▸ **TASK OBJECTIVE**:
Starting with the opening line of the entries below, transcribe each line exactly up to and including the one that has "广东省药品监督管理局关于药品抽查检验信息的通告(2022年第4期)"; pictures are not copied.

▸ **AVAILABLE DATA**:
◇ ◇ ◇
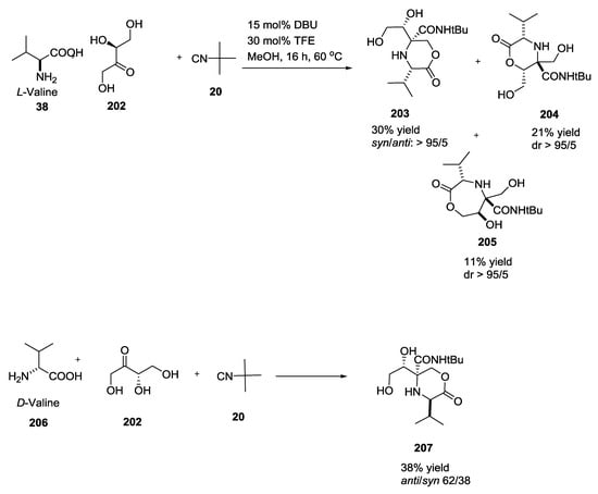 - Richter, C.; Trung, M.N.; Mahrwald, R. Multicomponent cascade reactions of unprotected ketoses and amino acids—Access to a defined configured quaternary stereogenic center. J. Org. Chem. 2015, 80, 10849–10865. [Google Scholar] [CrossRef] [PubMed]
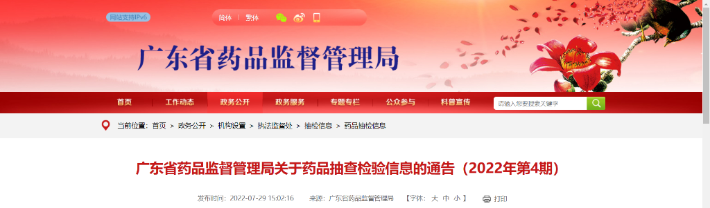 广东省药品监督管理局关于药品抽查检验信息的通告(2022年第4期)
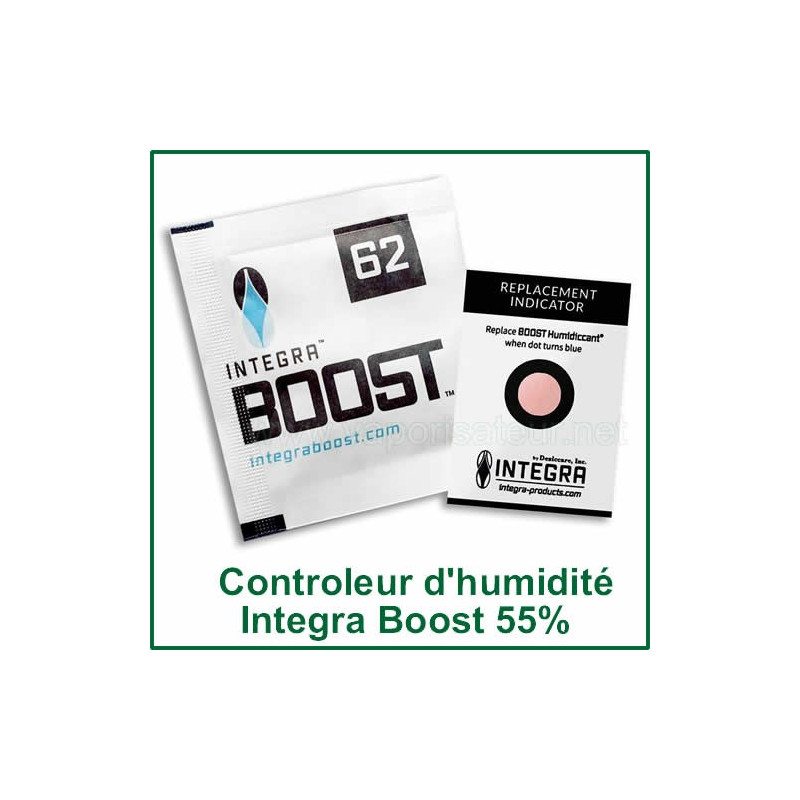Les sachets Integra Boost agissent ainsi en régulateurs du taux d'humidité avec une action dans les deux sens suivant les besoins, à savoir si l'air est trop sec les sachets BOOST rajoutent l'humidité et si le milieu est trop humide les sachets contrôleurs d'humidité Integra vont absorber le surplus d'eau dans l'air afin d'équilibrer au mieux l'hygrométrie ambiante(dans le cas de cette variété le taux sera stabilisé à 62% ce qui est la limite haute de la fourchette d'humidité idéale qui doit osciller entre le 55% et 62%.) Il existe un autre type de sachet dans la gamme Integra qui permet de stabiliser le taux d'humidité à 55% ce qui est le niveau le plus bas de cette zone de confort, à vous de choisir votre préférence.
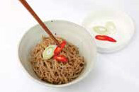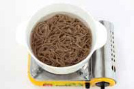 6. 끓는 물에 메밀국수를 넣은 뒤 뚜 껑을 닫고 끓어오르면 1/2∼1컵 정 도의 찬물을 부어 거품을 가라앉 히는 과정을 한 번 더 되풀이한 다 음 찬물로 맑게 헹군 후 체에 건져 서 물기를 제거한다.b
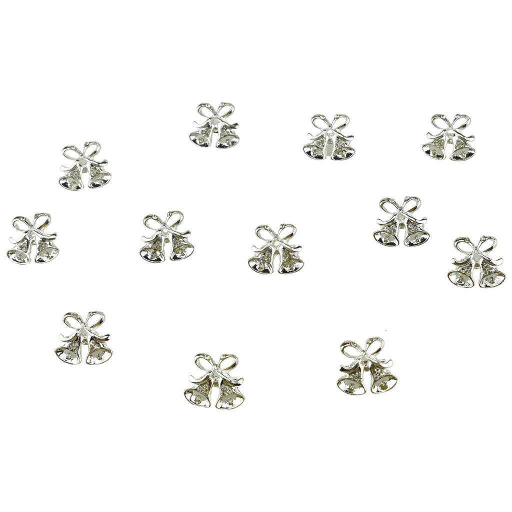 Add a mini accent to your favorite DIY projects with these adorable metal pins. These metal accents feature a twin bells with a bow finished with rhinestones that's ideal for use on jewelry and paper crafts. Perfect for DIY projects like jewelry making, scrapbooking, clothing design, home decorating and more! Pack: 12 pcs Length: 0.875" Width: 0.875"
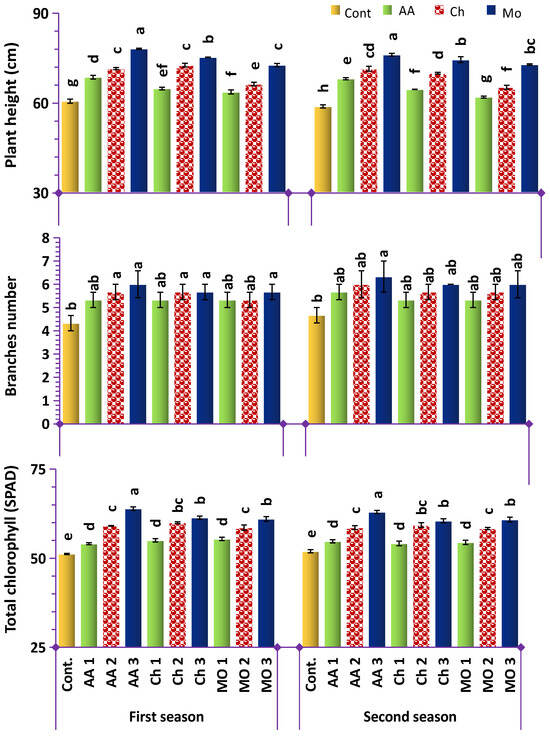 Effect of AA, Ch, and MO as a foliar spray on eggplant plant growth parameters during the 2021–2022 and 2022–2023 seasons. For each season characteristic, means followed by different letters differ by Duncan’s test (p < 0.05).
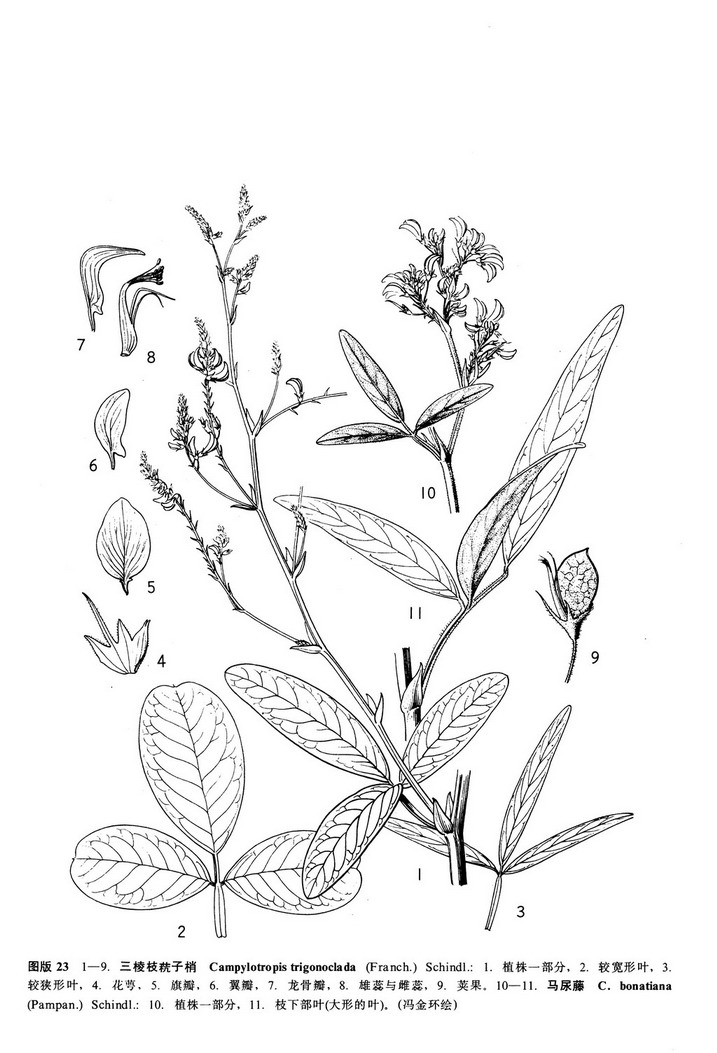 Campylotropis trigonoclada (Franch.) Schindl. in Fedde, Repert. Sp. Nov. 11: 430. 1912; id. in Sargent, Pl. Wils. 2:114. 1914; id. in Fedde, Repert. Sp. Nov. Beih. 49:261. 1928; id. in Hand. -Mazz. Symb. Sin. 7:574. 1933;中国主要植物图说•豆科534. 图529. 1955; 中国高等植物图鉴2: 465. 图2659. 1972; Ohashi in Journ. Jap. Bot. 49:332. 1974;云南种子植物名录上册, 576. 1984.——Lespedeza trigonoclada Franch. Pl. Delav. 167. pl. 42. 1890; Pampan. in Nouv. Giorn. Bot. Ital. 17(1) ; 24. 1910, cum var. angustifolia Pampan. et f. intermedia Pampan.; Levl. Fl. Kouy-Tcheou 237. 1914; id. Cat. Pl. Yunnan 159. 1916.——L. angulicaulis Harms ex Schindl. in Fedde, Repert. Sp. Nov. 9:522. 1911.——L. balfouriana Diels ex Schindl. l. c.; Levl. op. cit. 157. 1916.——Campylotropis balfouriana (Diels ex Schindl.) Schindl. in Fedde, Repert. Sp. Nov. 11:430. 1912; id. in Fedde, Repert. Sp. Nov. Beih. 49: 259. 1928.——C. alata Schindl. in Fedde, Repert. Sp. Nov. 11:431. 1912; Levl. Cat. Pl. Yunnan 157. 1916.
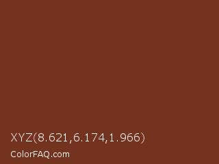 XYZ 8.621,6.174,1.966 Color is a dark color and the nearest color is Mocha #782d19. Hex code #74331e and RGB value is rgb(116,51,30). In RGB color space, this color is composed of 45% red, 20% green, 12% blue, In CMYK color space, this color is composed of 0% cyan, 56% magenta, 74% yellow , 55% black , In HSL color space, this color has a hue angle of 15° , 59% saturation and 29% lightness.
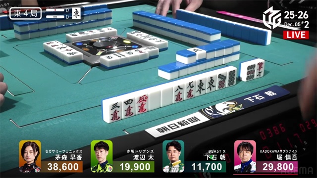 12/5、麻雀LIVEチャンネル第2試合は、こちらの4選手で行われた。
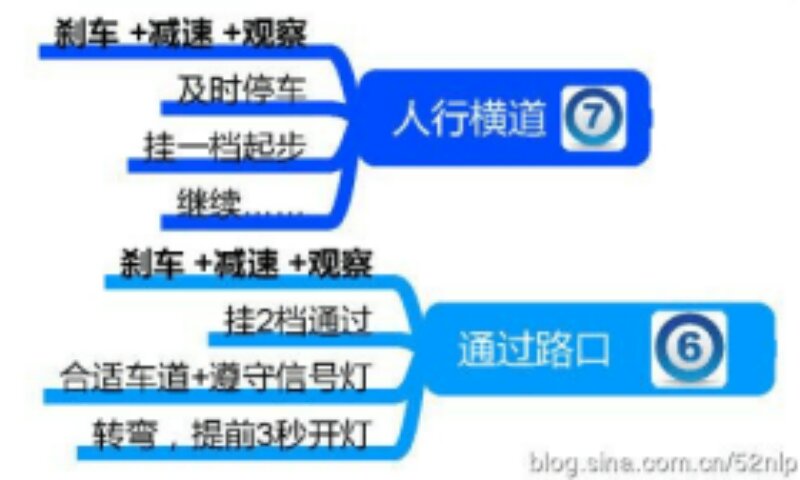 8、通過人行橫道:減速慢行,松油門,時速不超過25公里(遇到行人時必須停車等待:停車-拉手剎-掛空擋-左轉(zhuǎn)向-掛1擋松手剎起步正常行駛);
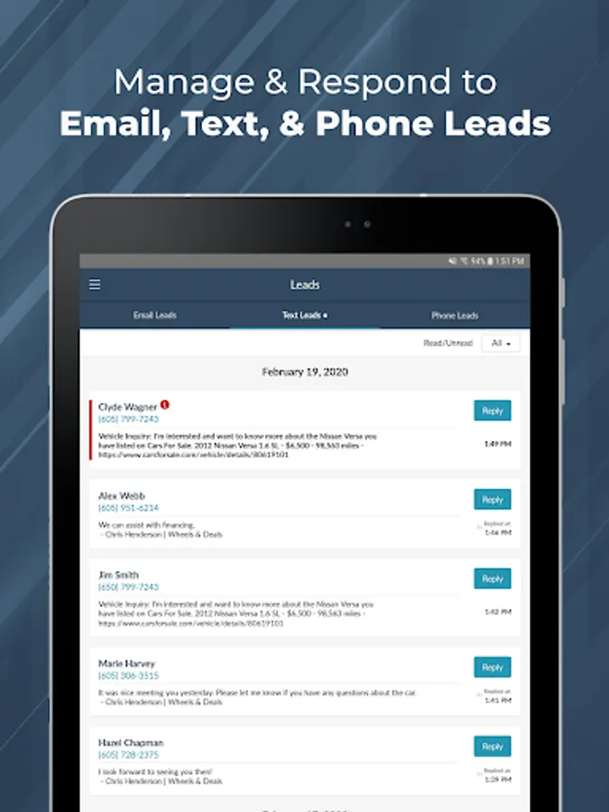 - NEW! Instantly share photos with your leads with RapidReply™ Instant Messaging
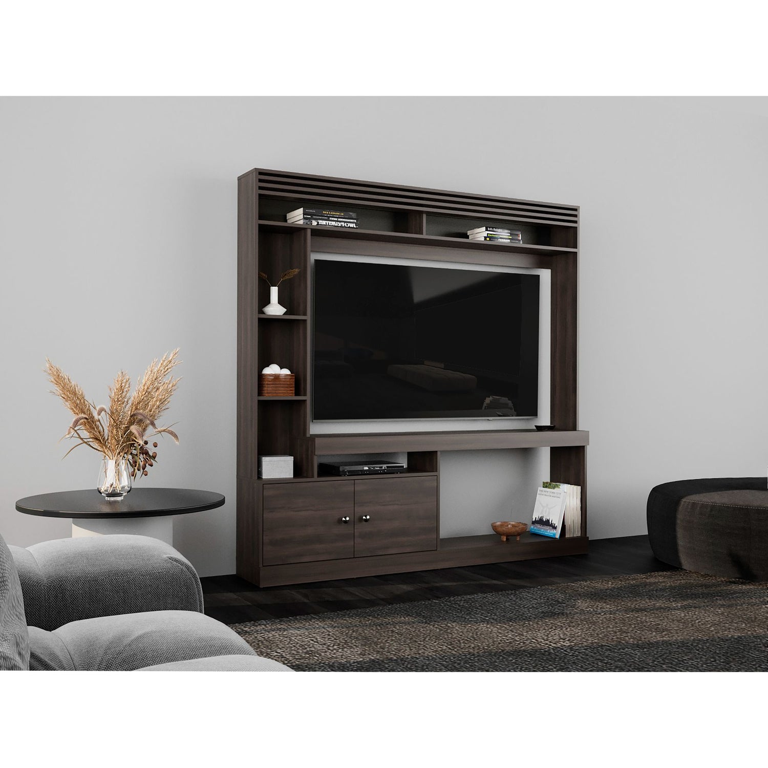Centro de Entretenimiento Dante Nogal 180x180.6cm Para TV Hasta 55 Pulgadas
◇ ◇ ◇
▸ **YOUR SOLUTION**:
 - Richter, C.; Trung, M.N.; Mahrwald, R. Multicomponent cascade reactions of unprotected ketoses and amino acids—Access to a defined configured quaternary stereogenic center. J. Org. Chem. 2015, 80, 10849–10865. [Google Scholar] [CrossRef] [PubMed]
 广东省药品监督管理局关于药品抽查检验信息的通告(2022年第4期)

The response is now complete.